Spring Breakers is a kind of Autumn Begins in Martins Ferry, Ohio, a play on the rites of Spring tuned through the mythology of the early aughts with Britney and K-Fed styled mythic lovers. What it accomplishes, in all its loopy, repetitive, and dayglo-ness, is a pretty quick excavation of entitlement, class and race around the business of having fun in America. James Franco’s nearly Floridian, almost consistently accented sleazing of the mantra, “Spriiiiing Breeeeeak,” wedges itself deep within the inner ear. Expect it to completely uncoil and leak out into some bikini clad silhouette grease spot on your pillow by the time you’re 82. The movie gets in your head. The structure is rhythmic and supple, hypnotizing and intoxicating. It is spring break, the music video, with all the menace and predation left in, and enough of a brain to keep the camera rolling through to the flip side of the fun, where—depending on your outlook—the fun ends or it really begins.
God bless Gucci Mane—for his name and his ice cream coned face. Franco provides the K-fed, gun-fellating (it happens) skeez and Mane provides the aura of gangsta authenticity, the glimpses into the business of fun. It’s enough to see the strippers working in the club to understand the price of the freedom the college students feel when they flash for the camera. But the movie deals in doubles, archetypes and personas and the girls we’re following are different than the co-eds at the end of the beer bongs. They do that too, but they robbed to get there. They each have their own limit to how far they’ll go. They peel off one by one in layers, like Britney’s morality, dignity, and sanity until only two are left.
In Taxi Driver, Paul Schrader and Martin Scorsese originally wanted Travis Bickle’s final shoot out to happen in an all black brothel. Harvey Keitel was brought in to play the pimp late when they worried the scene might provoke a race riot (hey). That final scene is re-imagined here, as a video game cum rap video mash up in St. Petersburg, FL where machine gun carrying bikini-girls in pink ski masks provide something close to the first person POV (the camera hovers just behind them, their masks glow an eerie black-lit blue) and take out the all black personnel in Gucci Mane’s outfit, then Gucci Mane himself (he has another name in the movie, but why? Gucci Mane!). The girls ride the same wave of entitlement that brought them to spring break and follow the ride all the way through. Their sense of entitlement is up against everyone else’s and the girls win Spring Break. For nerds like me, who never really went to Spring Break and always thought it sounded like an invitation to the douche-Reich beach games, Korrine shows why it is important to pay attention. Spring Break is a rite of passage for a huge number of kids in America and it is so because in offering the opportunity to lose yourself in unbridled fun, it crystalizes all of the stuff of our culture: greed, gluttony, classism, racism, and sexism—it’s what we become when the rite is over.
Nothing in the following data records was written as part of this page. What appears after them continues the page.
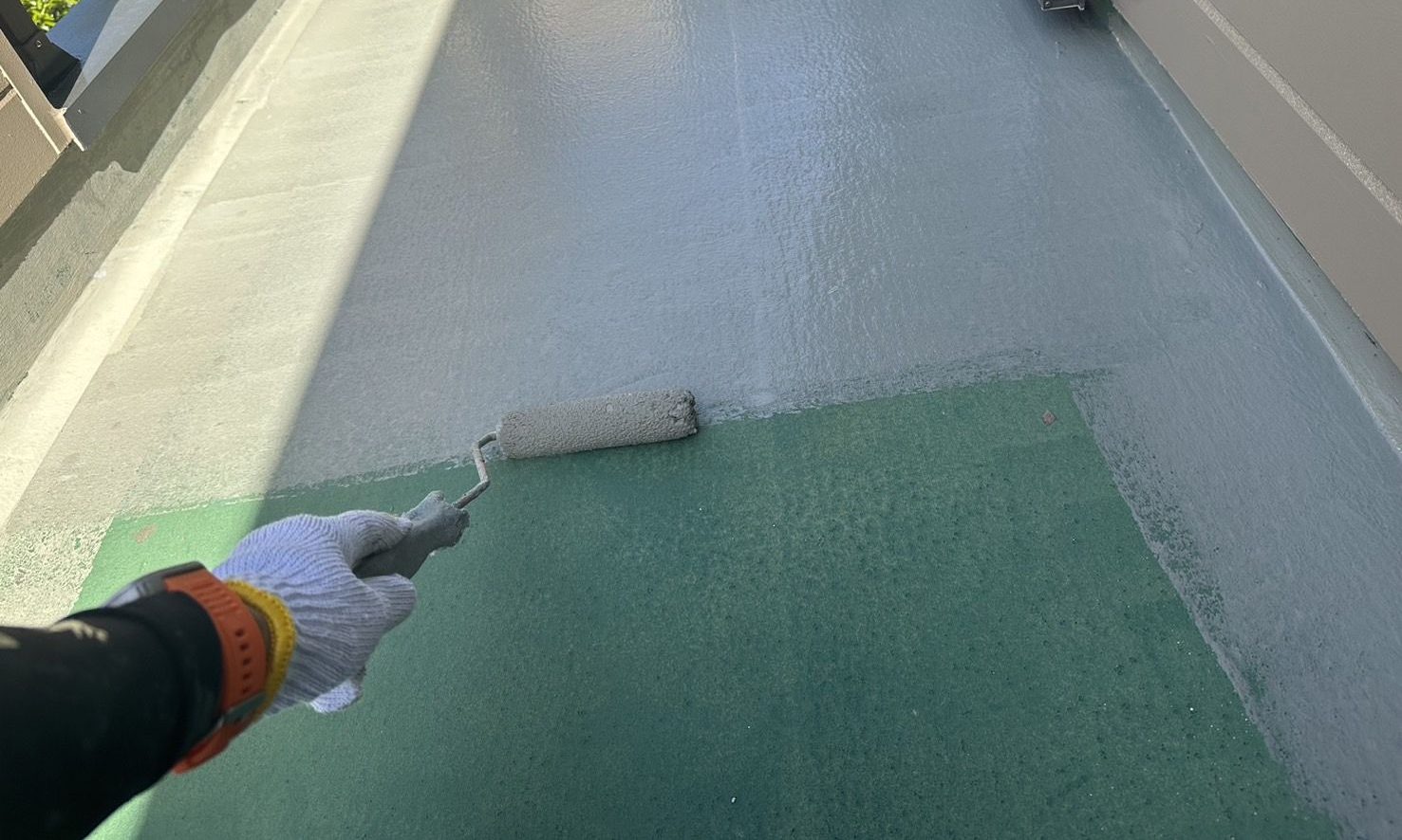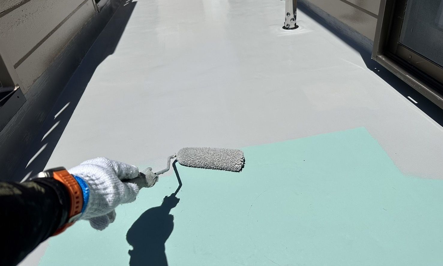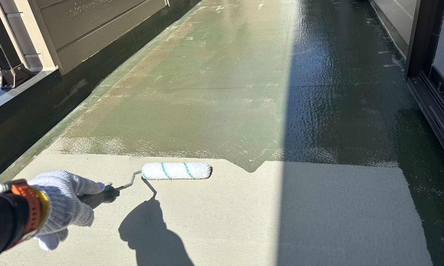 ベランダ部分にはウレタン防水通気緩衝工法を採用し、下地から防水層までしっかり施工することで、今後も安心してお住まいいただける状態に仕上げました。
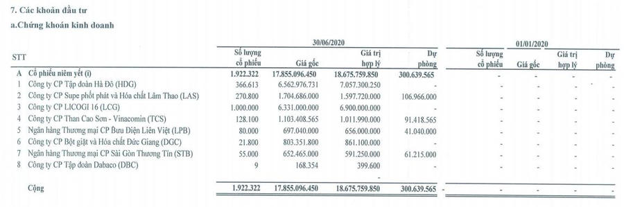 Theo báo cáo tài chính bán niên năm 2020 sau soát xét, tại ngày 30/6, EBS còn dành tới gần 19 tỉ đồng đầu tư chứng khoán với danh mục các cổ phiếu như HDG, LCG, LAS, STB, TCS, LPB... Công ty phải trích lập gần 301 triệu đồng dự phòng giảm giá chứng khoán.
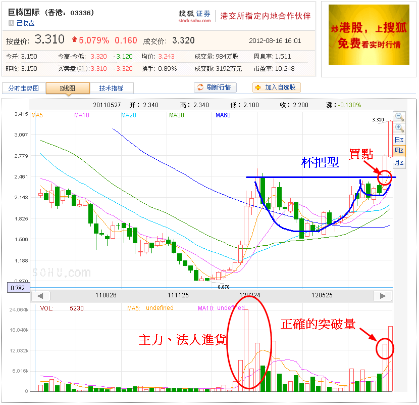 整個3月~7月這5個月就形成了一個杯把型的型態
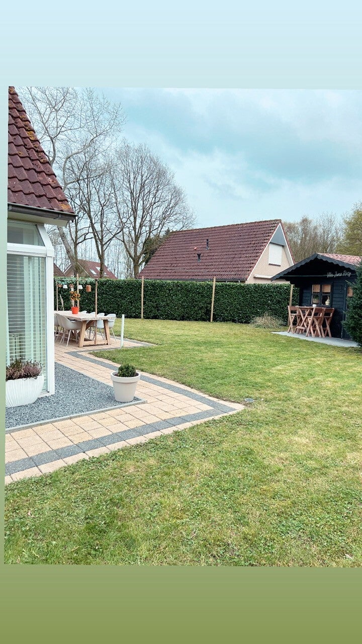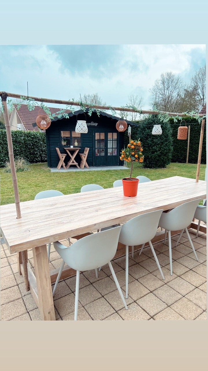 De woning beschikt over een royale privé tuin van 550 m², compleet ingericht met een eettafel, bartafel en een gezellige loungeplek. Voor de kinderen is er een trampoline, en in het sfeervolle tuinhuis kun je heerlijk relaxen.
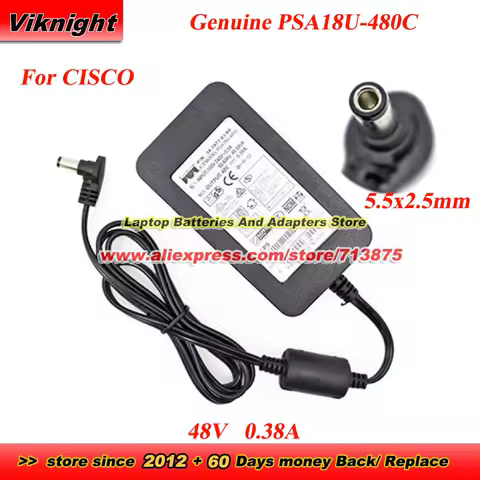 Genuine PSA18U-480C Aironet Power Adapter P/N 34-1977-03 A0 48V 0.38A Power Supply with 5.5x2.5mm tip
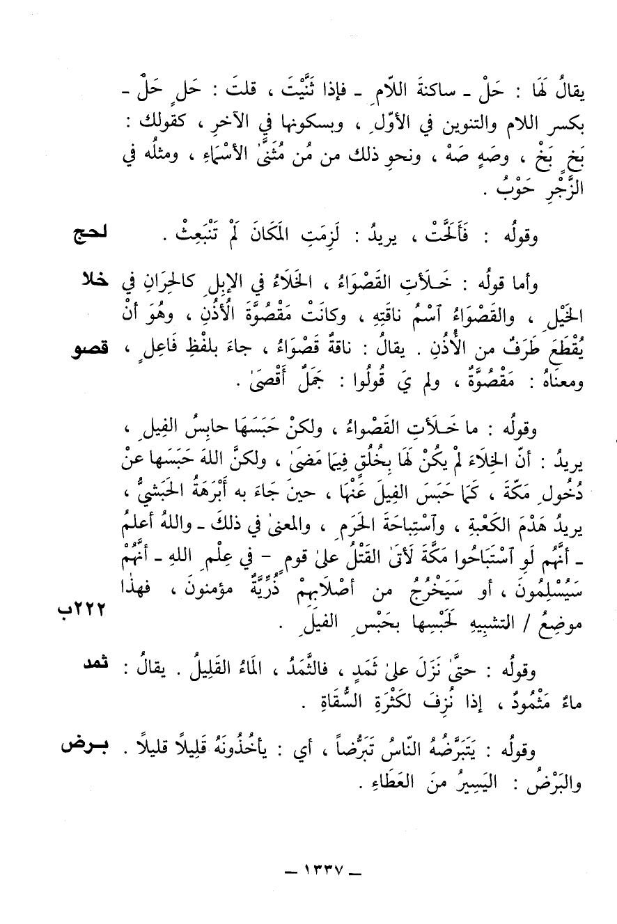 وقوله: ما خلأت القصواء، ولكن حبسها حابس الفيل، يريد: أن الخلاء لم يكن لها بخلق فيما مضى، ولكن الله حبسها عن دخول مكة، كما حبس الفيل عنها، حين جاء به أبرهة الحبشي، يريد هدم الكعبة، واستباحة الحرم، والمعنى في ذلك- والله أعلم- أنهم لو استباحوا مكة لأتى القتل على قوم- في علم الله- أنهم سيسلمون، أو سيخرج من أصلابهم ذرية مؤمنون، فهذا موضع/ التشبيه لحبسها بحبس الفيل.

How? Admittedly, whenever I watch a movie in the theater in 3-D that looks as good as this movie did, I lose a portion of my critical apparatus, but still—unbelievable. Cuarón’s films have impressed me in the past, even The Prisoner of Azkaban sticks out as my favorite of the Potter films, but this was something new. Gravity takes the weightlessness of space as its story, its setting and its main character and articulates lavishly. Sandra Bullock is central and enthralling, but also ballast for our capacity to view what the camera is up to here. Aside from the technical brilliance and breathlessness of the movie’s momentum, Cuarón even manages to fit in references, mostly silent nods, towards filmed weightlessness that preceded—aside from 2001 and Apollo 13, the image above comes from a scene that moves from frantic to sensual with such smoothness, I found myself wondering why I was thinking about Barbarella.
Space babies, physics, ballistics and the excellent recreation of evolution that occurs in the lake, this is what I’ve wanted from movies. For an added slap in the face, the plot revolves around a present-day space mission that goes wrong. The technology presented for space travel and inhabitation is all the humdrum stuff that the evening news rarely shows. Zero G? Ho Hum. It’s a shame it takes a stray Russian rocket to make the plot—I’d be happy hanging around and listening to astro-Clooney talk about the time in the bar with the girl in New Orleans, while Sandy Bullock stifles her nausea for a year as long as the camera keeps winding around. But as an assessment of where the culture of movie making is? I can see Cuarón’s point—why haven’t things moved forward? We have the tools and yet we have spent the last decade watching film impress its physicality on us to try to show its continued relevance. This may be why he chose to keep Sandy as his ballast. Her performance and physical struggle is as difficult and visceral as any heroine from a horror flick. So he’s speaking in part through one of the primary milieus of the past decade but doing so in the hopes of pushing it forward. This is the first confident digital movie I have seen and I can see why he took up the gauntlet here and pushed the envelope. To continue to do interesting things, our culture has to move forward, and our culture is predicated by and large by what we choose to watch.